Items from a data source

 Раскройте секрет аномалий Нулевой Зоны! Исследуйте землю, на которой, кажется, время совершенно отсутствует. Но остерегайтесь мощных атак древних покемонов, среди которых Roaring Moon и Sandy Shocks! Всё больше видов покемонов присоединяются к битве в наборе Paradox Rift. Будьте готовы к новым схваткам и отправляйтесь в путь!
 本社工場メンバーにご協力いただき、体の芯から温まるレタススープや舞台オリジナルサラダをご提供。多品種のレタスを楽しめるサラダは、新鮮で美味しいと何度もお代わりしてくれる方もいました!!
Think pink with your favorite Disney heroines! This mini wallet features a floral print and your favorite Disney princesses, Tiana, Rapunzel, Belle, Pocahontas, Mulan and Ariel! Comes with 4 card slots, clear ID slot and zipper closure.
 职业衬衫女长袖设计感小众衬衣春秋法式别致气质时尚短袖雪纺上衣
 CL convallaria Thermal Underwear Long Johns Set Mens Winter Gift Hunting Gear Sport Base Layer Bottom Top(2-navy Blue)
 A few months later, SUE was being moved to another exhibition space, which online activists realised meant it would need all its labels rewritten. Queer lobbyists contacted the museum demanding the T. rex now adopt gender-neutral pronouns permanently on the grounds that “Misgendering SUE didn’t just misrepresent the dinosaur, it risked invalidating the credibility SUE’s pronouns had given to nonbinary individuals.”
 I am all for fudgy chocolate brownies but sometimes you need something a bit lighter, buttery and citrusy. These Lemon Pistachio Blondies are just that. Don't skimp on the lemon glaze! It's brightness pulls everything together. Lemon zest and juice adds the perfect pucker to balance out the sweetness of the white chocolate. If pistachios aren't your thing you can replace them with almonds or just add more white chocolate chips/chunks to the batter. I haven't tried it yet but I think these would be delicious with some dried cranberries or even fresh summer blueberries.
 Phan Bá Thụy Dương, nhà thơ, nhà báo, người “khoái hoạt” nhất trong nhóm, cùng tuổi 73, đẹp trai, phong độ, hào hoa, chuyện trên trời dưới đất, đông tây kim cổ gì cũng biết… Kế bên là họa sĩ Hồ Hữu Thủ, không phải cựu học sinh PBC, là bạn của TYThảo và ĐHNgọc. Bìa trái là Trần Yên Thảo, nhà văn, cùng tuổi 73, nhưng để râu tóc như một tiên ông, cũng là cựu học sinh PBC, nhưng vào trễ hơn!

* _About this exercise_
The response must consist of all the data, reproduced without alteration.

* _Response box_
 Раскройте секрет аномалий Нулевой Зоны! Исследуйте землю, на которой, кажется, время совершенно отсутствует. Но остерегайтесь мощных атак древних покемонов, среди которых Roaring Moon и Sandy Shocks! Всё больше видов покемонов присоединяются к битве в наборе Paradox Rift. Будьте готовы к новым схваткам и отправляйтесь в путь!
 本社工場メンバーにご協力いただき、体の芯から温まるレタススープや舞台オリジナルサラダをご提供。多品種のレタスを楽しめるサラダは、新鮮で美味しいと何度もお代わりしてくれる方もいました!!
Think pink with your favorite Disney heroines! This mini wallet features a floral print and your favorite Disney princesses, Tiana, Rapunzel, Belle, Pocahontas, Mulan and Ariel! Comes with 4 card slots, clear ID slot and zipper closure.
 职业衬衫女长袖设计感小众衬衣春秋法式别致气质时尚短袖雪纺上衣
 CL convallaria Thermal Underwear Long Johns Set Mens Winter Gift Hunting Gear Sport Base Layer Bottom Top(2-navy Blue)
 A few months later, SUE was being moved to another exhibition space, which online activists realised meant it would need all its labels rewritten. Queer lobbyists contacted the museum demanding the T. rex now adopt gender-neutral pronouns permanently on the grounds that “Misgendering SUE didn’t just misrepresent the dinosaur, it risked invalidating the credibility SUE’s pronouns had given to nonbinary individuals.”
 I am all for fudgy chocolate brownies but sometimes you need something a bit lighter, buttery and citrusy. These Lemon Pistachio Blondies are just that. Don't skimp on the lemon glaze! It's brightness pulls everything together. Lemon zest and juice adds the perfect pucker to balance out the sweetness of the white chocolate. If pistachios aren't your thing you can replace them with almonds or just add more white chocolate chips/chunks to the batter. I haven't tried it yet but I think these would be delicious with some dried cranberries or even fresh summer blueberries.
 Phan Bá Thụy Dương, nhà thơ, nhà báo, người “khoái hoạt” nhất trong nhóm, cùng tuổi 73, đẹp trai, phong độ, hào hoa, chuyện trên trời dưới đất, đông tây kim cổ gì cũng biết… Kế bên là họa sĩ Hồ Hữu Thủ, không phải cựu học sinh PBC, là bạn của TYThảo và ĐHNgọc. Bìa trái là Trần Yên Thảo, nhà văn, cùng tuổi 73, nhưng để râu tóc như một tiên ông, cũng là cựu học sinh PBC, nhưng vào trễ hơn!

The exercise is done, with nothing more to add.